Leer en la piedra como en las líneas de una mano
Valerie Miles
Bleda y Rosa
Ulaca. Solosancho, 1999. Serie Ciudades, 1997-2000
© Bleda y Rosa, VEGAP, Barcelona, 2022
Hace falta un ojo casi tan viejo como el tiempo para no ver la muerte en una piedra, sino un ónfalo, emblema vivo, en transformación veteada. Aquí yace la guerrera petrificada, picaza centinela en un antiguo montículo de tierra, ceniza y hueso. Aquí la página en blanco se escribe eternamente con líquenes y musgo y se borra eternamente con la lluvia, el viento, el sol y la luna.
Antigua ciudad de Ulaca, corazón de la tierra, de historias ocultas que solo pueden leerse en la piedra como en las líneas de una mano. Aquí es áspera, ¿la sientes? Aquí es lisa, ¿la ves? Y aquí está hendida y tibia al tacto. Ella mira, ella ve y observa, el valle cambiante, los colores y las formas cambiantes del paisaje, las rocas y los árboles cambiantes, el velo cambiante del cielo bayo que juega con el sol; su ojo, que persigue a la luna, su ojo, la luna que baja de noche goteando como la sangre.
Ella, la de los mil nombres, Ataecina, ella, con el viento concebida, Ataecina, petrificada su resistencia en lo alto del valle; los antiguos dioses ctónicos se revuelven y gimen en las profundidades, tirando de su ombligo como un imán hacia la tierra. Y ella se hunde, sólo un poco, en la antigua ciudad del cielo, sutil ciudad de ojos y secretos que crepitan y gimen con el viento de escoplo. Castro perdido de nombres y memoria pintados de colores variables, líquenes dorados y musgo verde, sobre la tela del cielo.

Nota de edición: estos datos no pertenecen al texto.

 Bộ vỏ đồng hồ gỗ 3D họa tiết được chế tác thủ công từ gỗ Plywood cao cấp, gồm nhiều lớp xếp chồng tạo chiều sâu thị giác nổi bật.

No ocurrió todo a la vez. Todo lo fluido y lábil vuelve a ser materia sin forma; aquí cristales y huesos, granito y conchas. No, dijo, con voz ya de guijarros, y pasos que estremecen ya la tierra. Me batí primero contra los de Cartago, cabalgué mi yegua muchas lunas por las navas y vi a las tribus pisoteadas por elefantes. Pero lo volví mi amante y a Ataecina un hijo le di. Los romanos se lo llevaron, pero a mí no me llevarán. Ella, la de pies raudos me llaman, hija del viento, dicen, hija de la yegua como el rayo. Abandona el castro, vieja, es tiempo de bajar. Y ascendió hasta el borde. Baja de allí, dijeron, y vivirás. Y se detuvo en el mismo canto, extendió los brazos e inclinó el rostro ante el valle interminable.

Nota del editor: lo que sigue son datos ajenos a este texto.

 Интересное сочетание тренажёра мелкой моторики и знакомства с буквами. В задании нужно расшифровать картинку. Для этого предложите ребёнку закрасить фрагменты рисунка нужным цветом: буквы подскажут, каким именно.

En días sin fin sintió rodar la piedra pulida en la copa pétrea mientras doblaba las caderas e hincaba las rodillas ante al aire. Abrió los brazos, pesados como mazas, los movió hacia allá y hacia acá. El espectro de una emoción brotó hecho dendritas, venas por la piel. No bajaremos, Ataecina, aguardaremos entre nuestras cenizas y sangre, y dormiremos en vida. Y hundió sus pesados brazos en la tierra, mirando desde lo alto. Allá abajo en la ciudad las imágenes significan otras cosas. Nuestras piedras son lo que son.
Un lugar donde erguirse y no ir más allá, un borde, un canto. Erguidas estamos contra el tiempo, resistimos en la ciudad de las piedras crepitantes, y los secretos resisten en nuestra lengua terrera. Ciudad de piedras que cantan y viento que chirría. Cambiamos y nos transformamos en la quietud, eterna, aullando la belleza veteada sobre la tela del cielo envuelta en niebla.

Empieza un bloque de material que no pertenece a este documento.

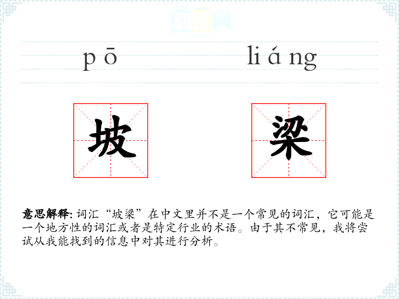 词汇“坡梁”在中文里并不是一个常见的词汇,它可能是一个地方性的词汇或者是特定行业的术语。由于其不常见,我将尝试从我能找到的信息中对其进行分析。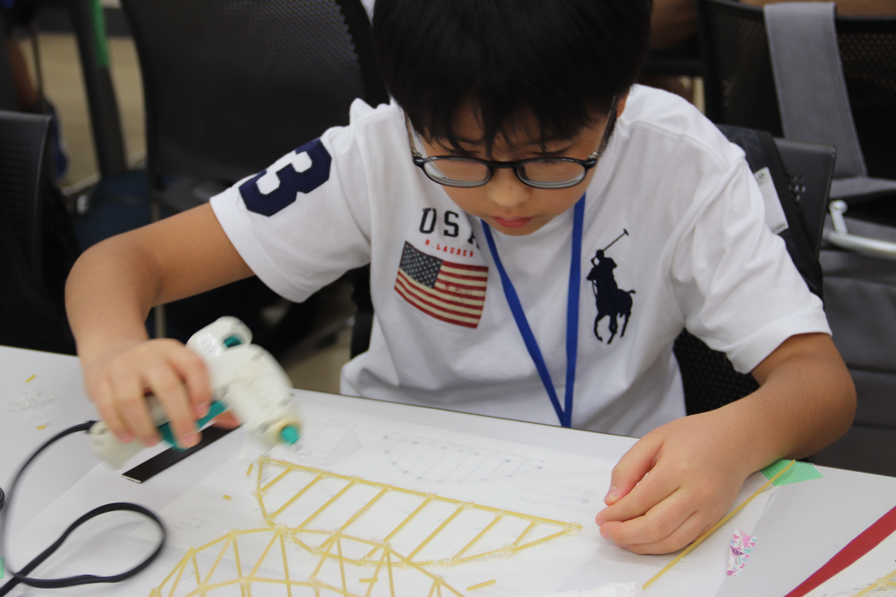 After the lecture was over, children started to design and make a pasta bridge. Each child designed a strong bridge and made it using pasta and hot bond. We, students, supported them making pasta bridges. The event to make a pasta bridge with pasta and hot bond has held at May Festival, the school festival, but the event to design it does not have held. Therefore we were concerned about whether children could design it. However, they were designing and making it so well that they blew away our worries. 講演が終わったあと、実際に子どもたちがパスタブリッジ製作を体験する時間となりました。子どもたちはみなそれぞれ強いと思う橋を設計し、パスタとホットボンドを用いて製作していました。私たち学生は、パスタブリッジ製作をしている子どもたちのサポートをしました。パスタとホットボンドを用いてパスタブリッジを製作する部分は五月祭のようなイベントでも実施していますが、パスタブリッジの設計は実施していないため、子どもたちが設計できるか不安がありました。しかし、子どもたちはそのような不安を吹き飛ばすほど手際よく設計し、製作を進めていました。

Hace falta un oído casi tan viejo como el tiempo para no oír el caos en el sonido del viento, y el silencio que no está bajo el cielo bayo y revuelto. Mira como los brotes de hierba seca la cepillan, susurrando lo que se avecina. El cielo tirita con un repentino trompetazo de carnyces. La tierra se estremece bajo los cascos invisibles de caballos y pisadas de elefantes. Entre el retumbo, en la distancia, aparece una repentina hilera de espadas brillantes. Se acercan poco a poco. Una cortina cae en el extremo de la nava. Y entonces refresca.